I wish I could give a broad response, but the gravity of the situation is deeper. The issue of access to digital learning and resources in underserved schools’ touches on three issues: 1. education inclusion, 2. equality, and 3. human rights. The Covid-19 pandemic demonstrated the importance of having access to digital learning and resources. This is not just an intervention, but also an acknowledgment of the human condition. If under-resourced communities and schools are denied access to digital learning and resources, learners will be excluded from education. We live in a digital world where most learning takes place or is accessed through digital equipment, so access to digital learning equals inclusion in education.
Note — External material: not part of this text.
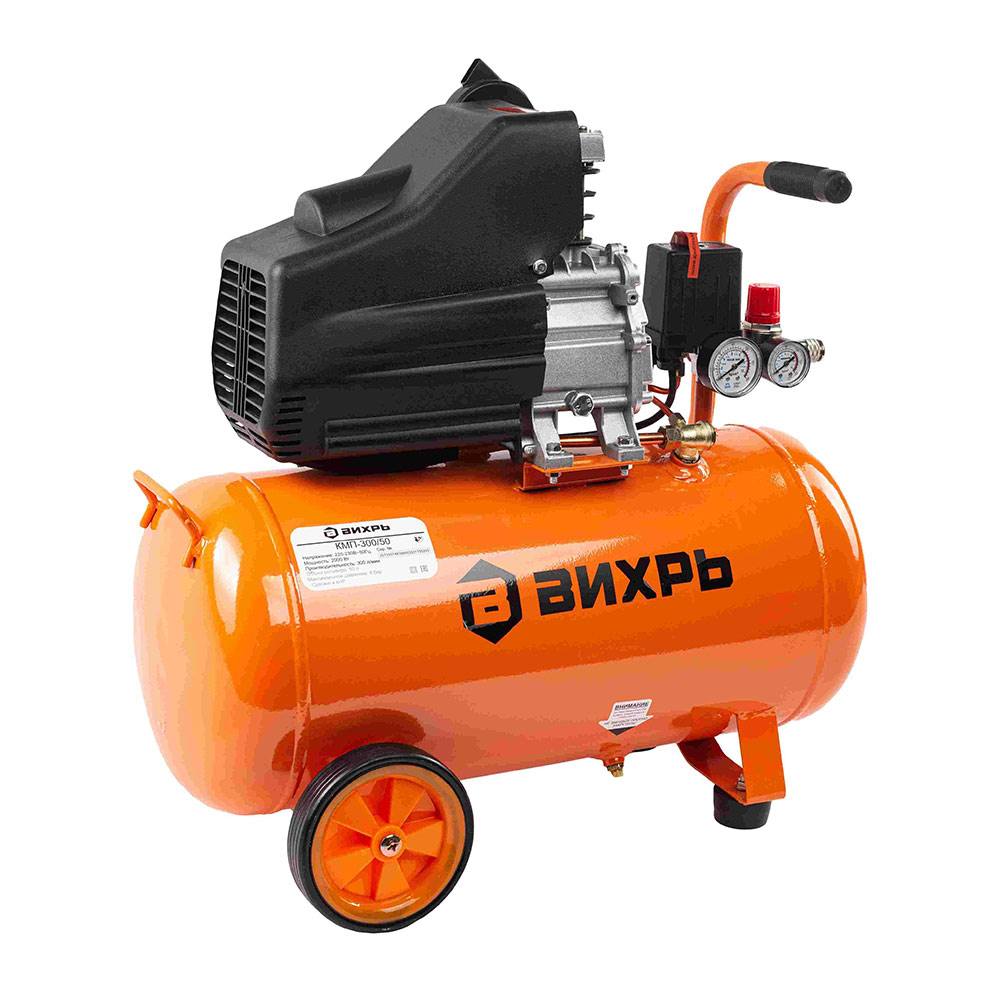 Компрессор Вихрь КМП-300/50 74/3/4 представляет собой наиболее мощное устройство в серии. Прямая передача без ремня снижает уровень шума. Небольшие размеры и наличие тяговой рукоятки вместе с колесами упрощает транспортировку изделия. Конструкция устойчива за счет колес и опор под ресивером. Емкость достаточна, чтобы в течение некоторого времени с момента выключения двигателя можно было подавать сжатый воздух. У компрессора «Вихрь» КМП-300/50 74/3/4 тип соединения — рапид (EURO).

Youth from under-resourced communities having access to digital learning and resources would mean equal opportunities, which is in accordance with legal rights. It is critical to ensure that any advancement in education takes these rights into account.

Besides practical knowledge and access to digital technology, what else do you think South African youth need to thrive?

To be honest, before South African youth can thrive in anything, they need opportunities, opportunities, and lots of them.

We live in a digital world where most learning takes place or is accessed through digital equipment, so access to digital learning equals inclusion in education.